## What to do
Every line below needs to be transcribed without alteration, and no image may be carried over.
(Excerpted records)
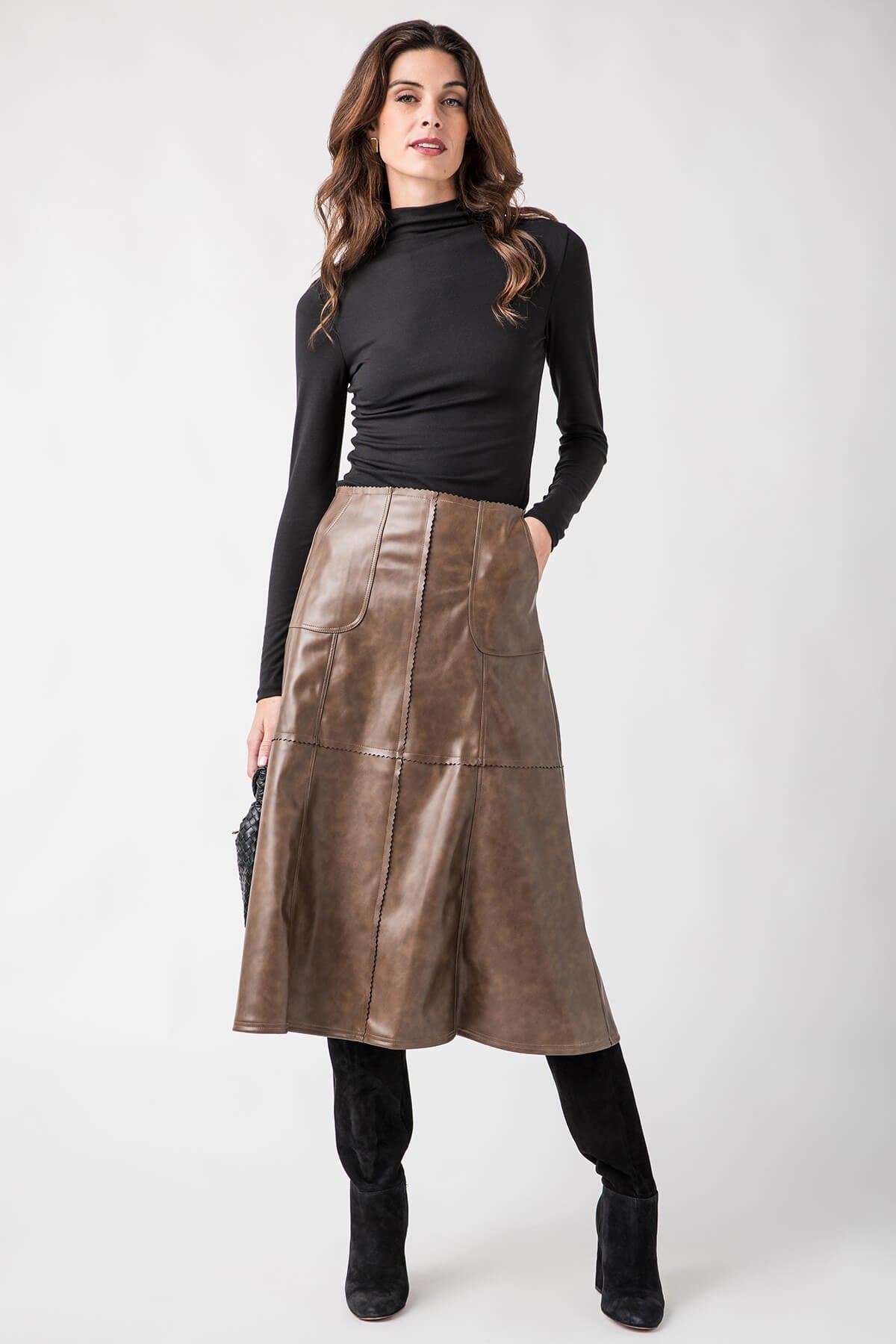 Vertical-seamed Shift-style Faux Suede Mini Dress
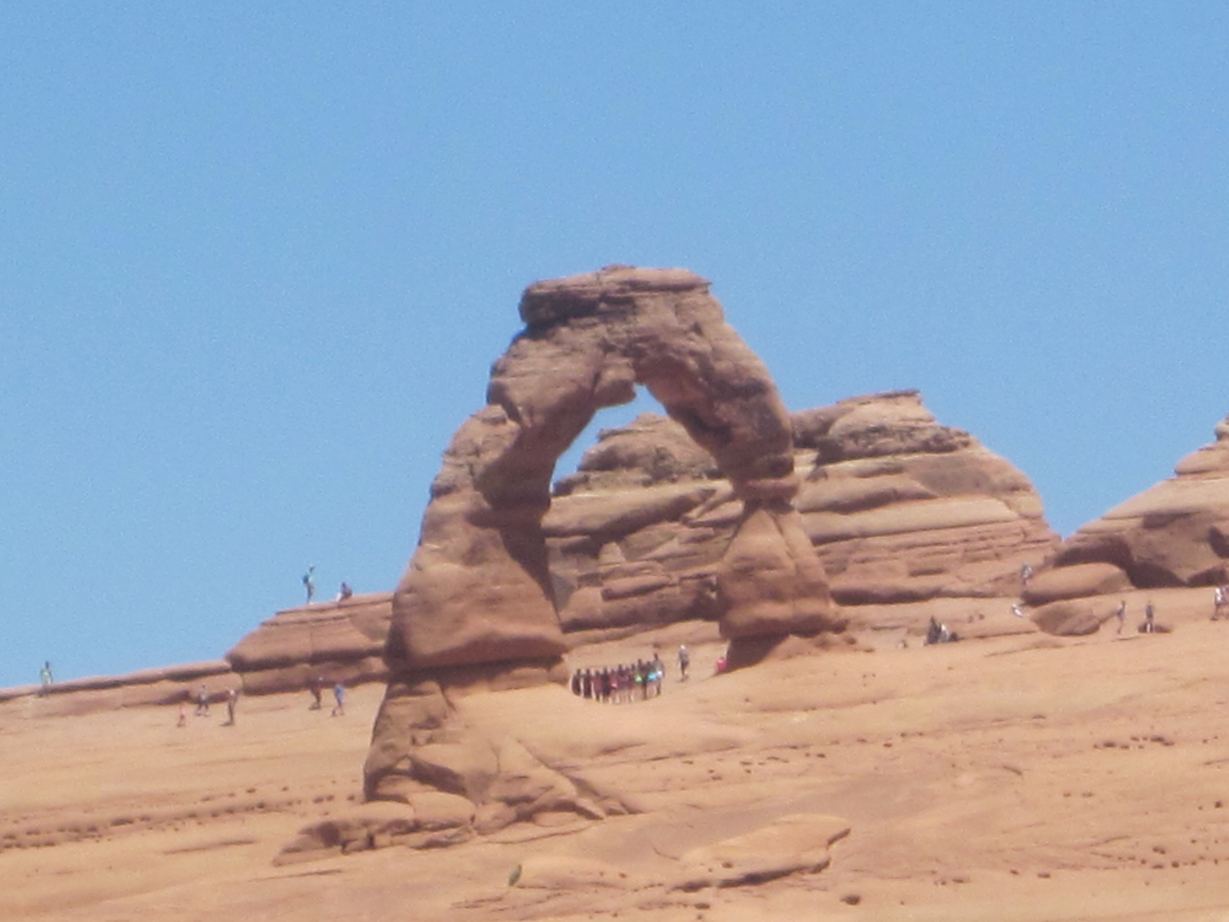 The “main” arch that most people see in photos and postcards is called Delicate Arch, which sits atop a high cliff. We didn’t realize until we got there that in order to physically get to the arch, one has to embark on a 3-mile round trip hike. Normally, this wouldn’t be a huge deal (well…) but the heat was so intense and the hike offered zero shade with which to find relief on the walk. It made every step feel that much more exhausting, and considering we’d already plowed through nearly a liter of water a piece (sans hiking), we decided to nix it and take a ½ mile loop that gives you a view of (but no access to) the arch. I’ll recover, comfortably, in my air conditioned car.
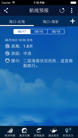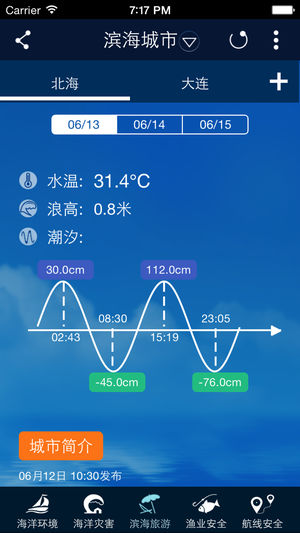 海洋预报台是由国家海洋环境预报中心发布的一款对于我国海洋环境预报、海洋灾害预报和警报的海洋气象预报软件。 主要功能: 1. 海浪预报 2. 风暴潮预报 3. 海冰预报 4. 海流、海温预报 5. 海洋气象预报、海啸预报
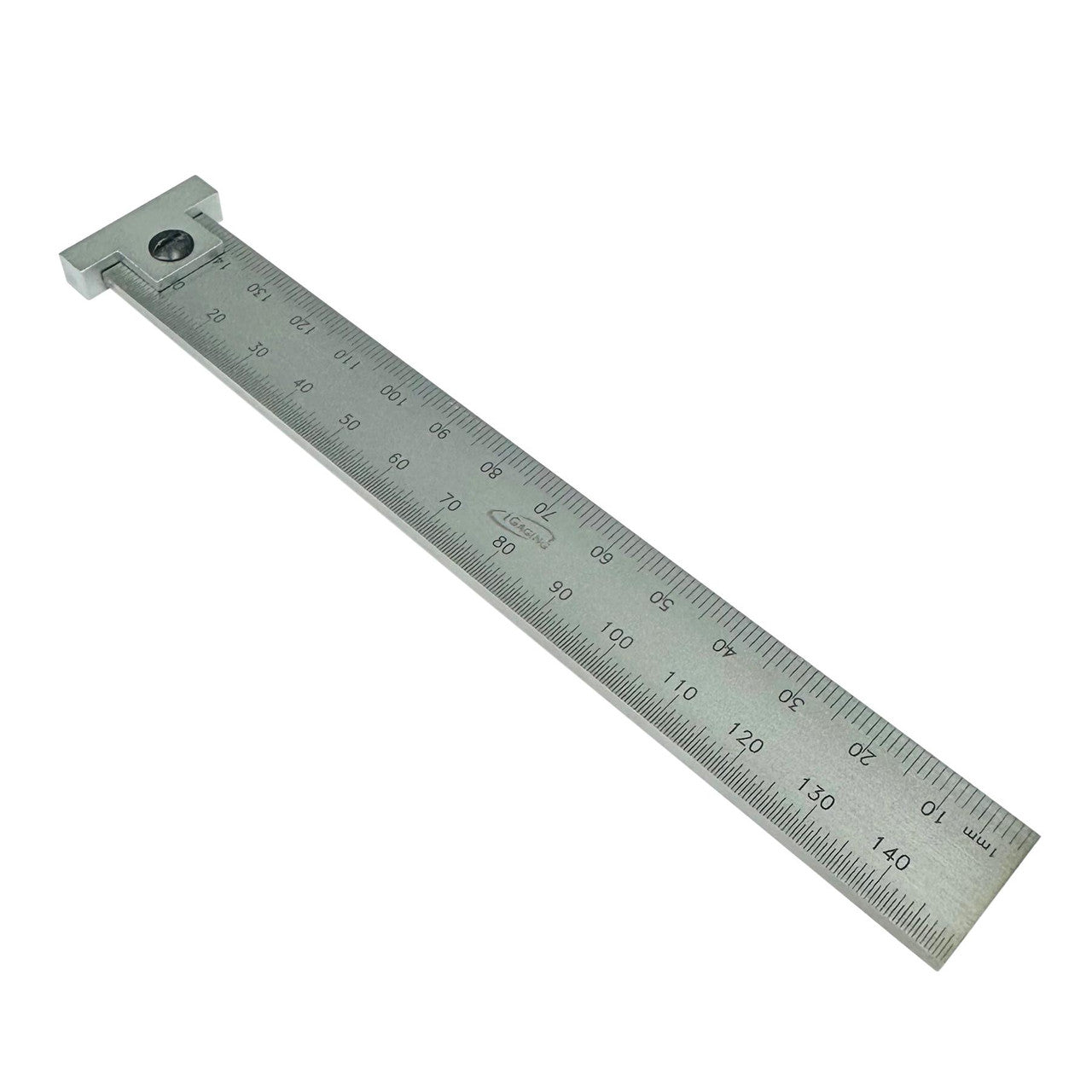 The iGaging stainless steel hook rule is marked with a metric scale on both sides and has a detachable heavy-duty hook at one end.
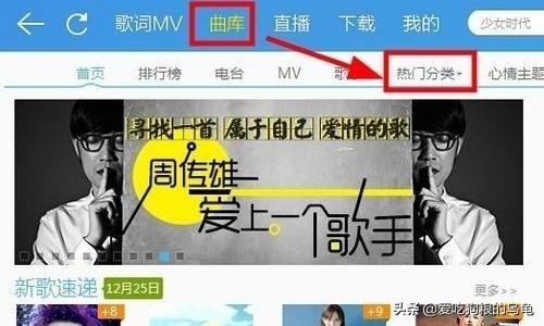 2、打开软件我们会看到很亮丽、简洁的页面。直接点击曲库——热门分类。
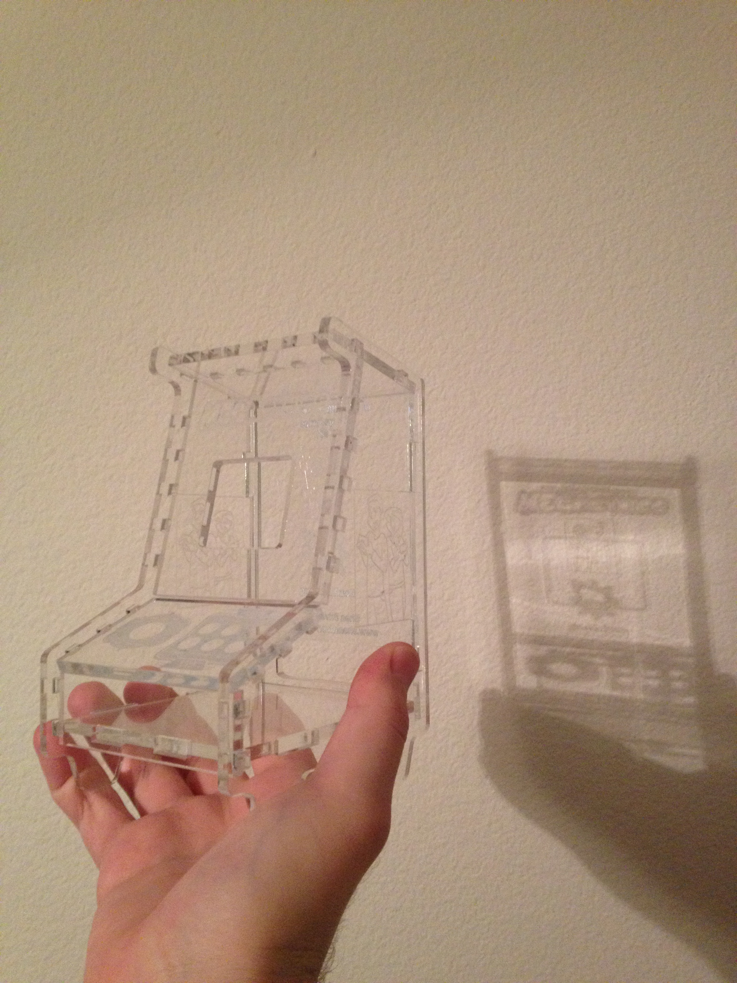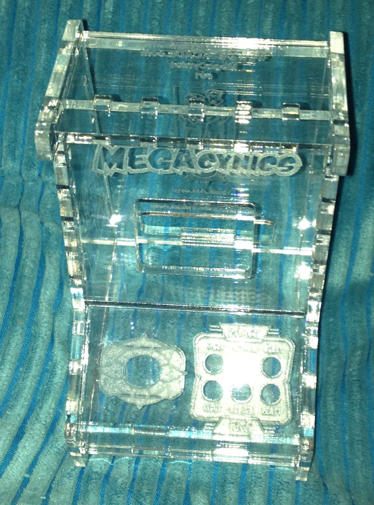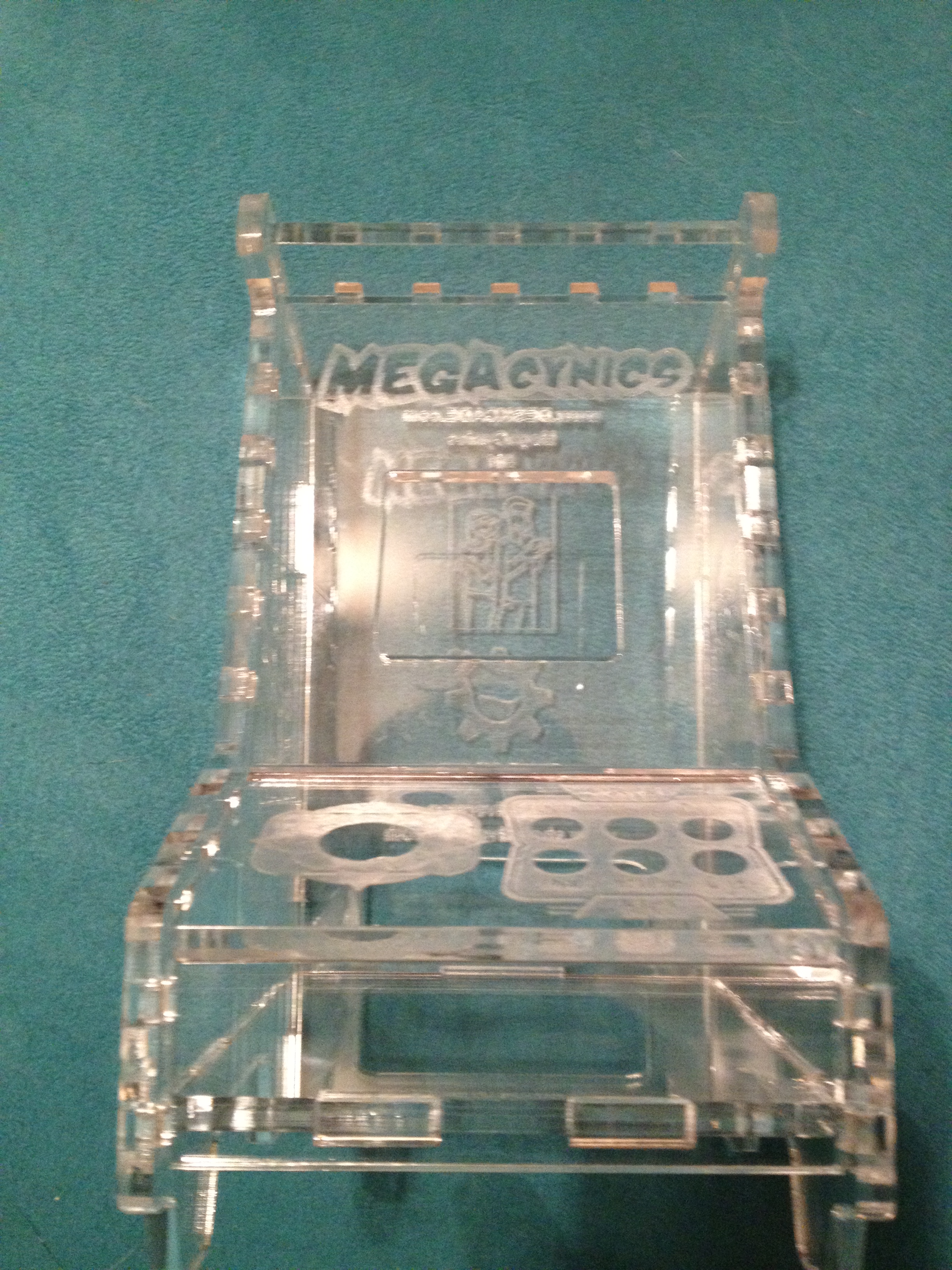 To anyone who hasn’t read the webcomic Megacynics, you should start. It’s a great comic, Ash and Steve are cool people. I recently made a DeskCade for them. This time I tried it out of Acrylic. It took less time, but cost a bit more in raw material. I’m really happy with the look of it though. I have to find a better materials supplier.
(End Excerpted records)
## Answer section
 Vertical-seamed Shift-style Faux Suede Mini Dress
 The “main” arch that most people see in photos and postcards is called Delicate Arch, which sits atop a high cliff. We didn’t realize until we got there that in order to physically get to the arch, one has to embark on a 3-mile round trip hike. Normally, this wouldn’t be a huge deal (well…) but the heat was so intense and the hike offered zero shade with which to find relief on the walk. It made every step feel that much more exhausting, and considering we’d already plowed through nearly a liter of water a piece (sans hiking), we decided to nix it and take a ½ mile loop that gives you a view of (but no access to) the arch. I’ll recover, comfortably, in my air conditioned car.
 海洋预报台是由国家海洋环境预报中心发布的一款对于我国海洋环境预报、海洋灾害预报和警报的海洋气象预报软件。 主要功能: 1. 海浪预报 2. 风暴潮预报 3. 海冰预报 4. 海流、海温预报 5. 海洋气象预报、海啸预报
 The iGaging stainless steel hook rule is marked with a metric scale on both sides and has a detachable heavy-duty hook at one end.
 2、打开软件我们会看到很亮丽、简洁的页面。直接点击曲库——热门分类。
 To anyone who hasn’t read the webcomic Megacynics, you should start. It’s a great comic, Ash and Steve are cool people. I recently made a DeskCade for them. This time I tried it out of Acrylic. It took less time, but cost a bit more in raw material. I’m really happy with the look of it though. I have to find a better materials supplier.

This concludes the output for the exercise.